*Supplied information*.

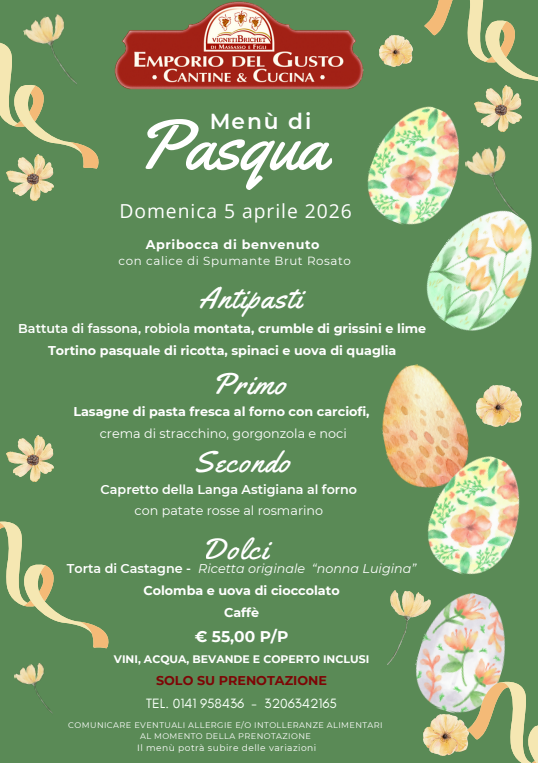 Il pranzo di Pasqua nell’Emporio del Gusto Cantine & Cucina è una celebrazione solenne e conviviale, caratterizzata da un menu che fonde la ricca tradizione contadina con i piatti raffinati delle corti sabaude.
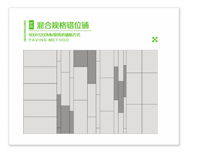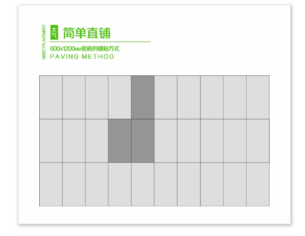 成都浩轩日用化妆品有限公司600x1200MM系列的铺贴方式多样化,直铺、工字型、回字形、混合铺贴等等都可适用,只有你想不到没有办不到的。
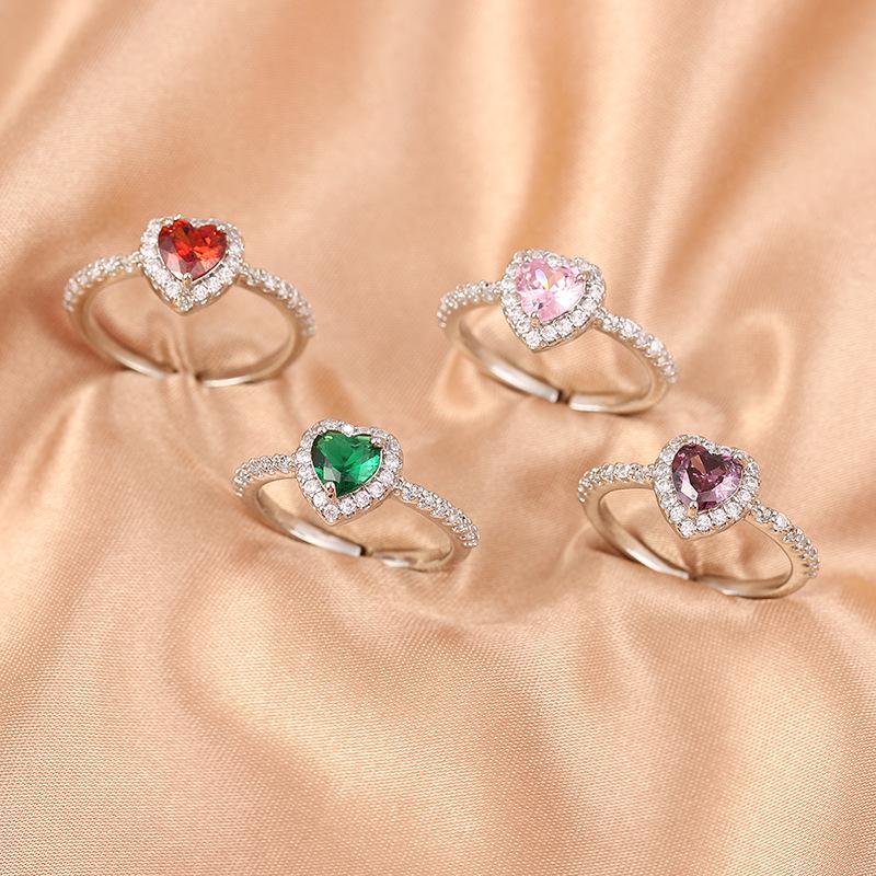 Women's High-End Zirconia Heart Ring: Adjustable Open Design with Light Luxury, White Gold Plating, and Moissanite Inlay.
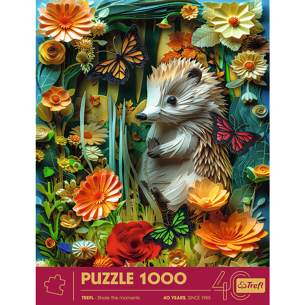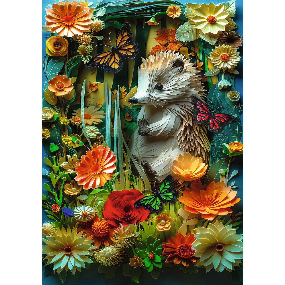 - Zestaw składa się z 1000 elementów i umożliwia stworzenie przepięknego obrazka przedstawiającego obrazek z efektem 3D z uroczym jeżem oraz motylami i kwiatami.
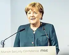 On the second day of the conference, Chancellor Angela Merkel described the great changes in foreign policy in her speech[29] and called for a new global order pattern, which would have to be developed 25 years after the end of the East-West confrontation.[30] The "world has radically changed, we have no fixed order," Merkel described the situation.[31] At the same time, she promoted a liberal, worldwide multilateralism based on international structures worth fighting for.[32] The Chancellor included amongst others NATO, which has grown in importance due to Russian annexation of the Crimea and the "conflicts in the east of Ukraine, during which Russia supported the separatists". Russia had violated the crucial principle of the territorial integrity of states which peace and security depended upon, Merkel continued. The Chancellor confirmed that the threats and challenges for the security of the West repeatedly highlighted by the American side were real. Therefore, "we need the military force of the United States of America."[31]
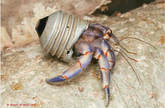 Kepiting pertapa yang mencoba beradaptasi dengan limbah sampah. Ia menggunakan bekasΒ bohlam lampu sebagai "rumah" barunya.Β (Foto: Brightside)
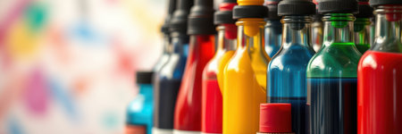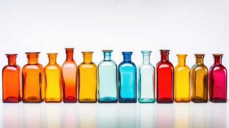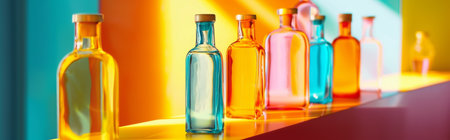 Colorful glass bottles lined up in bright light, emphasizing their vibrant hues and reflections. Ideal for themes related to design, decor, and vibrant aesthetics.
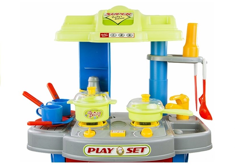 Prowadzenie własnego gospodarstwa domowego jest nie tylko świetną zabawą, ale i bardzo rozwojowym zajęciem, dzięki któremu dziecko może nauczyć się wielu ważnych rzeczy, w bardzo przyjemny sposób. Jeśli szukają Państwo bezpiecznej kuchni do zabawy w dom, restaurację czy bar szybkiej obsługi — przedstawiamy idealny produkt. Kuchnia ta składa się z imponującej ilości dodatkowych elementów, które są konieczne do sprawnego prowadzenia własnego gospodarstwa. Wybierając ten zestaw można mieć pewność, że mały miłośnik zabawy w gotowanie będzie uradowany.
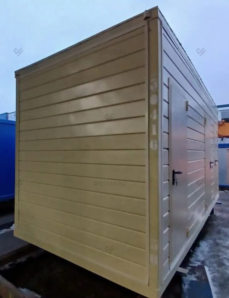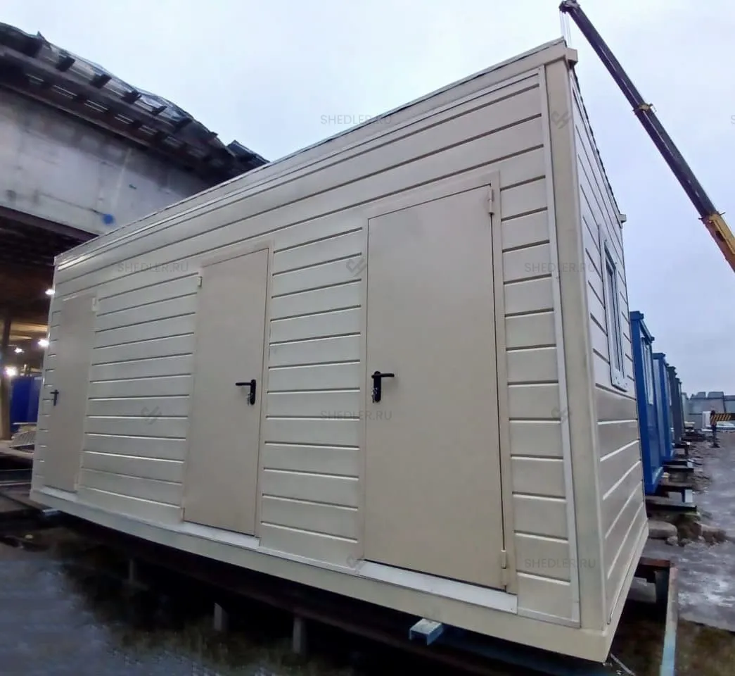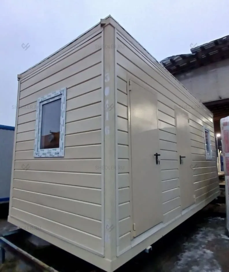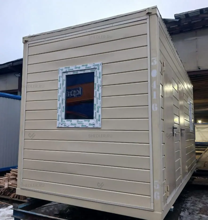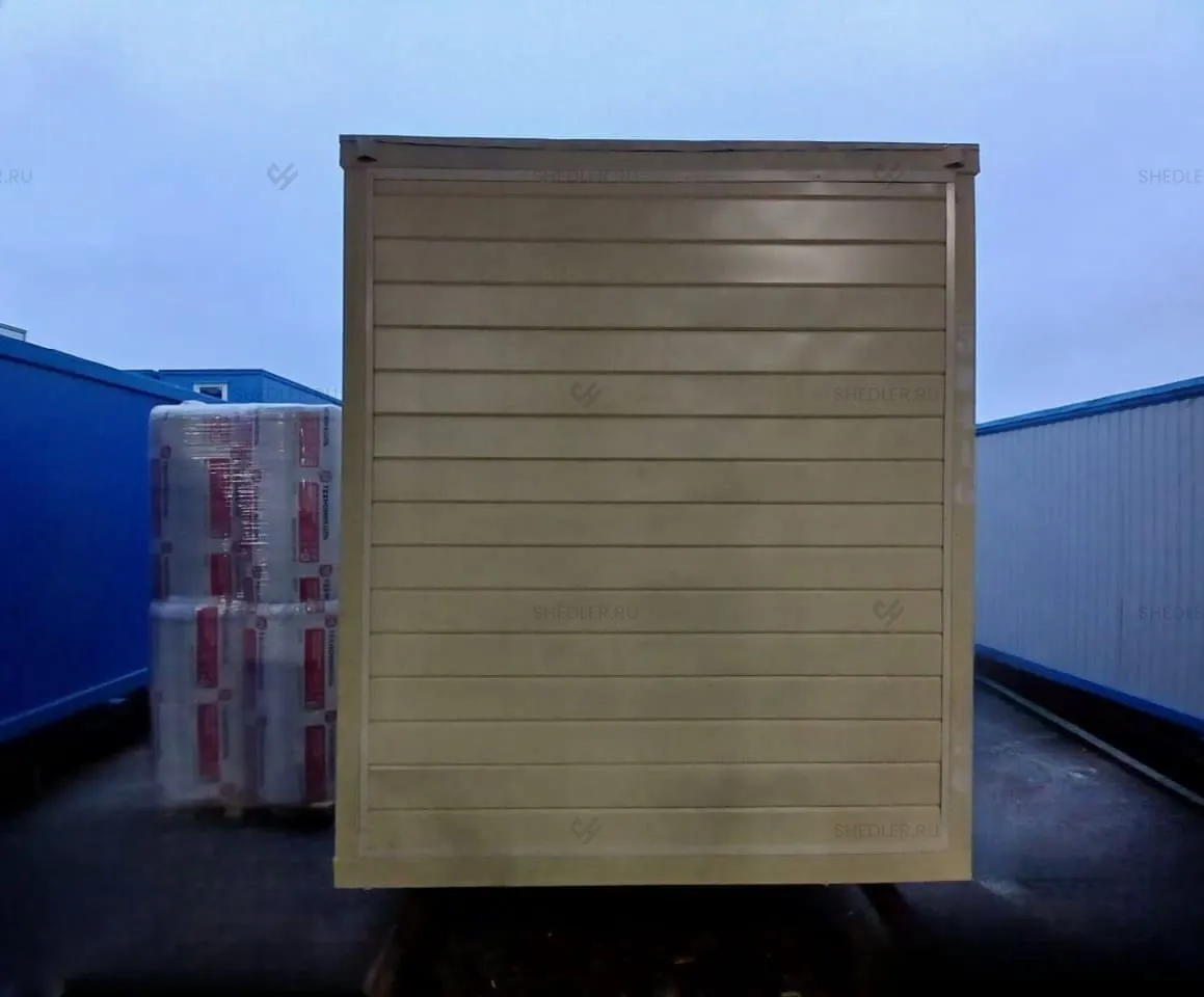С нижней части установлено из оцинкованного профлиста C8, гальваническое покрытие надежно защищает его от коррозии при контакте с влагой. Огораживающими элементами выступает плоская кровля из стального листа 0,7 мм с порошковым покрытием RAL1014 и фасад такого же цвета из ориентированно-стружечной плиты 9 мм, покрытой металлосайдингом. Идеально ровную поверхность сайдинга обеспечивает стартовая и финишная планка. Завершенному экстерьеру объекта способствуют оконные и дверные доборы.

*What you should do*.
Leave out any pictures and return exactly the lines from the beginning of the data through the line with "成都浩轩日用化妆品有限公司6", inclusive.

*Finished task*.
 Il pranzo di Pasqua nell’Emporio del Gusto Cantine & Cucina è una celebrazione solenne e conviviale, caratterizzata da un menu che fonde la ricca tradizione contadina con i piatti raffinati delle corti sabaude.
 成都浩轩日用化妆品有限公司600x1200MM系列的铺贴方式多样化,直铺、工字型、回字形、混合铺贴等等都可适用,只有你想不到没有办不到的。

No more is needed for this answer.